It’s a deliberate tactic. Saturate the market, lose money while your smaller competitors can’t, then return to normal when your competitors are gone. Whomever is left standing gets an unchallenged monopoly. It’s why Starbucks will open stores beside competitors.
That's part of it, especially when it is a national chain coming in that can afford to subsidize a loss to compete. The other side of the coin is that there are areas with non-chain liquor stores on every corner and they've been like that for decades. Maybe the customer base for these sort of stores is simply larger than you might have figured.

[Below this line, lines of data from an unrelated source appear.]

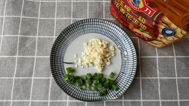 6. 蒜切末,小葱切圈备用。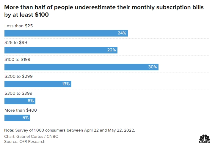이번 조사에 참여한 소비자들이 구독 서비스 때문에 매달 지출하는 돈을 점검한 결과 당초 생각한 것보다 평균 133달러(약 18만4000원)를 더 쓰는 것으로 확인됐기 때문이다.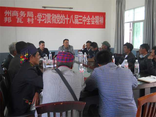 2013年12月19日下午,州商务局积极深入到挂钩点邦瓦村开展学习宣传贯彻党的十八届三中全会精神宣讲活动。州商务局党组书记李永海、副书记王庆军、驻村工作队员、新城乡人大主席孙金荣、邦瓦村“两委”班子成员、各支部书记及各村民小组长参加了宣讲活动启动会。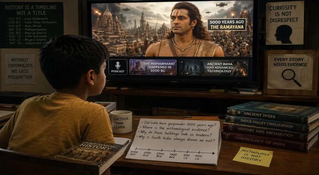 Parents must recognise that curiosity is not rebellion. It is intelligence. A child who asks, “Did India have gunpowder 5000 years ago?” is not being disrespectful. The child is thinking. The real question is: are we encouraging that thinking, or silencing it? What we are witnessing today is not just confusion between myth and history. It is a struggle over who gets to define the past. If children grow up without chronology, they will accept whatever is presented to them, whether by textbooks, films, or political rhetoric. If they grow up with curiosity, they will question all of it. And that is perhaps what truly worries those who prefer myth to masquerade as history.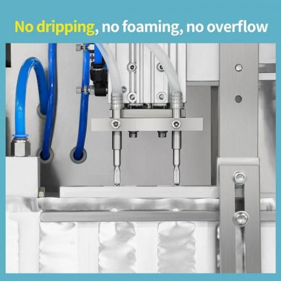Masukkan kepala isi ke dalam mulut botol (atau gunakan isian bukan sentuhan untuk mengelakkan pencemaran) dan suntikan bahan mengikut dos yang telah ditetapkan. Penderia aras cecair memantau isipadu pengisian dalam masa nyata, dan sistem akan dihentikan dan dilaraskan serta-merta jika keabnormalan berlaku. Pengedap dan Pengawetan: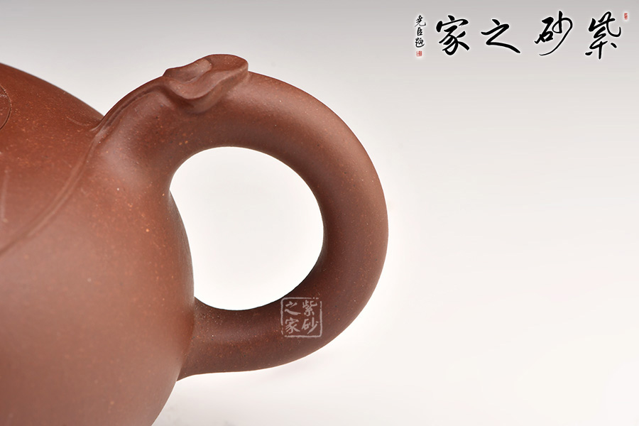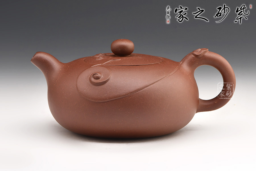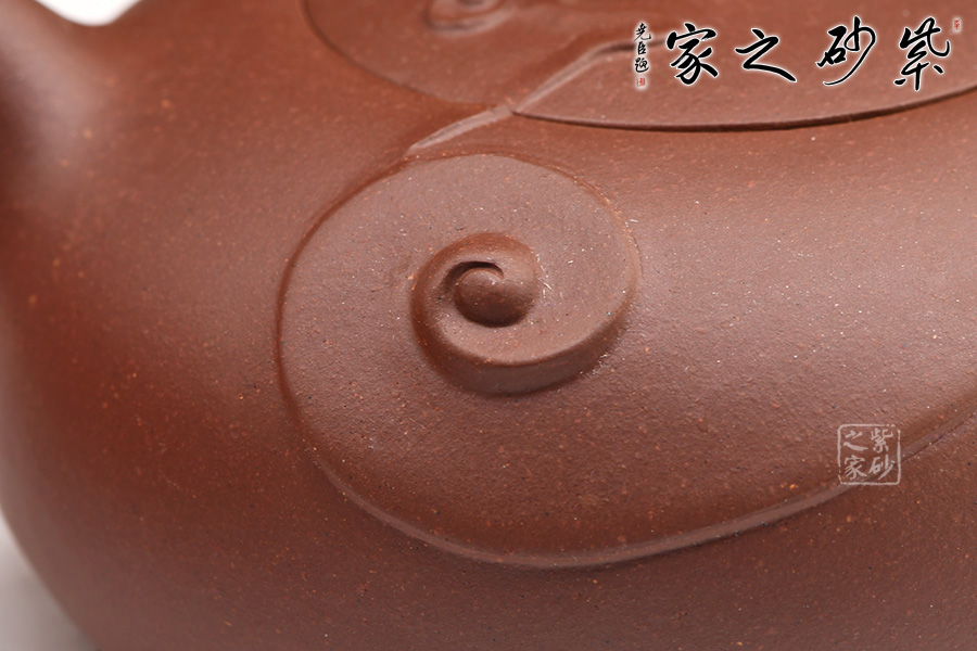 好運(yùn)連連紫砂壺:扁圓壺身,身蓋一體。圓珠鈕,一彎嘴,耳型把。身、蓋、把上皆裝飾有如意紋。如意朵朵,象征著好運(yùn)不斷,事事如意。
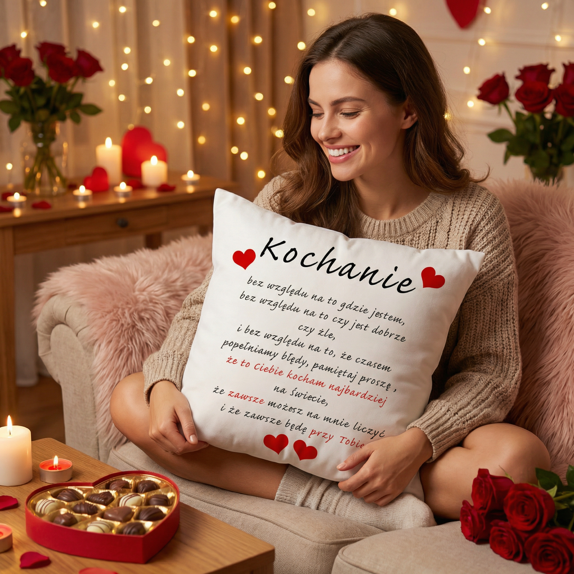 Nie zawsze potrafimy powiedzieć wszystko na głos. Poduszka walentynkowa „Kochanie” z pięknym, wzruszającym tekstem to wyjątkowy sposób, aby wyrazić miłość, wsparcie i bliskość. To idealny prezent na Walentynki dla osoby, która jest dla Ciebie najważniejsza.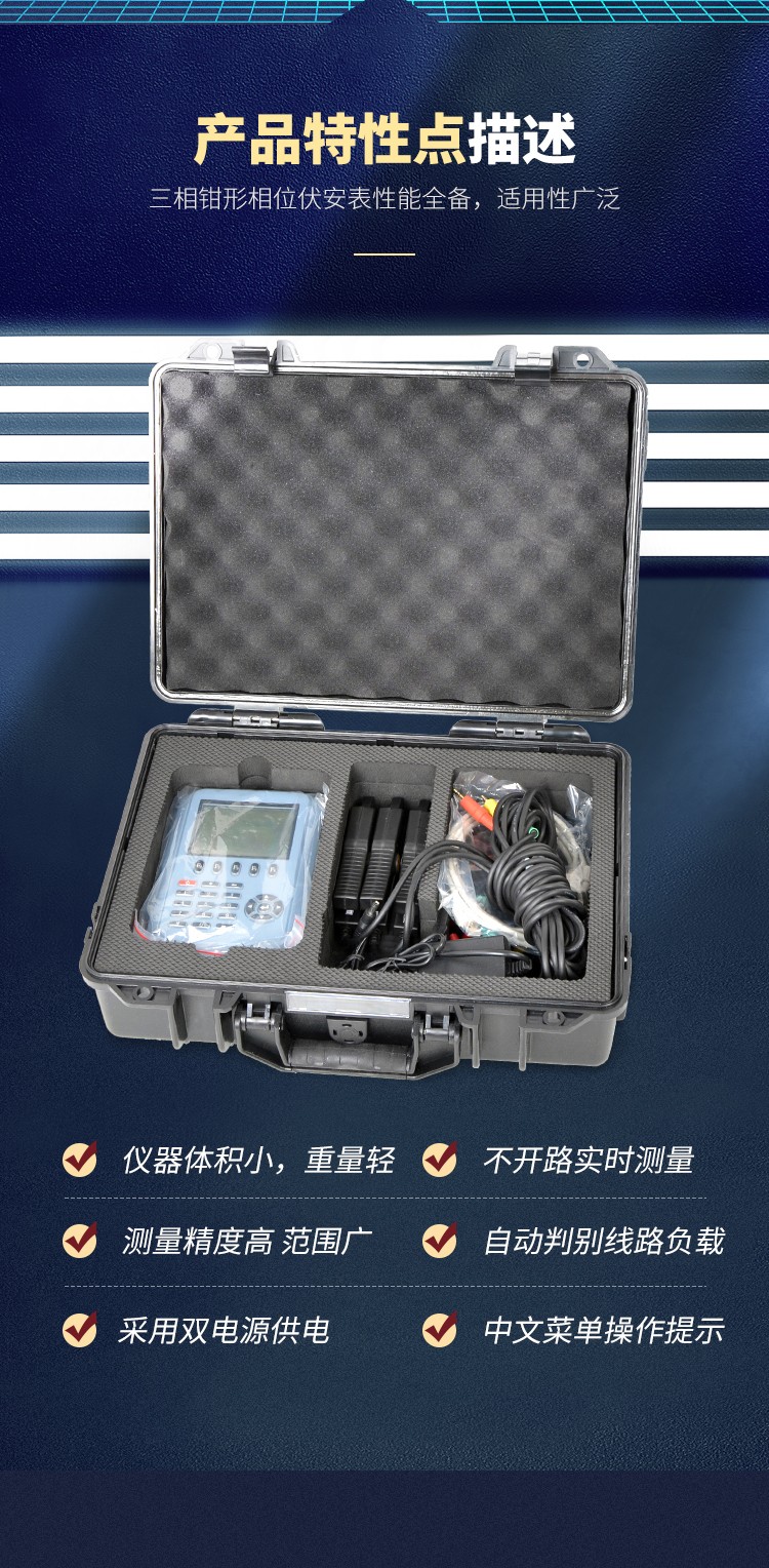 3. 小電流1.5mA測(cè)量相位,非常適用于新裝用戶投運(yùn)后無(wú)負(fù)荷時(shí)檢查接狀況;
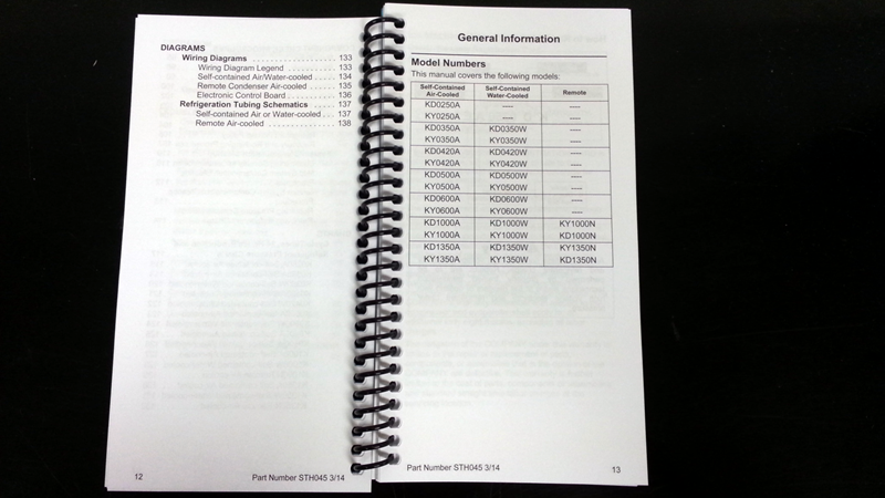 This service tech handbook for Koolaire ice machines covers all Koolaire models, including air-cooled, water-cooled, and remote condensers. Made by Manitowoc, this Koolaire handbook contains wiring diagrams, refrigeration pressures and weights, along with maintenance information and diagnostic guides. This is a must have book for anyone working on a Kool-Aire ice machine, find out cycle times, refrigeration piping schematics, and more.

Recently USSC killed the Chevron Doctrine, I wonder how that impacts the powers of DEA to keep scheduling substances w/o court legal battle. I think its time for some big marijuana corporate to pool resources and challenge DEA for their deference in enforcement.
And now all the soccer moms in illegal states are buying delta 9 gummies at CBD stores (and there isn't mass hysteria in the streets) so those states are reluctant to outright ban it. We'll see how long that lasts.
These edibles are even spreading over here to Europe. I was very conventional in the thinking about their potency potential but now I understand better how it works.
It will make you very high. Not necessarily in the same manner or experience that "normal cannabis" does but most of those products do contain synthetic terpenes and isomers of delta-9 or what they market as "delta-10" or other product names. Paired with CBD in the admixture they can approximate the natural cannabis experience
Can somebody else confirm this? This stuff was and sometimes still is freely available in Europe, and so is CBD in various forms.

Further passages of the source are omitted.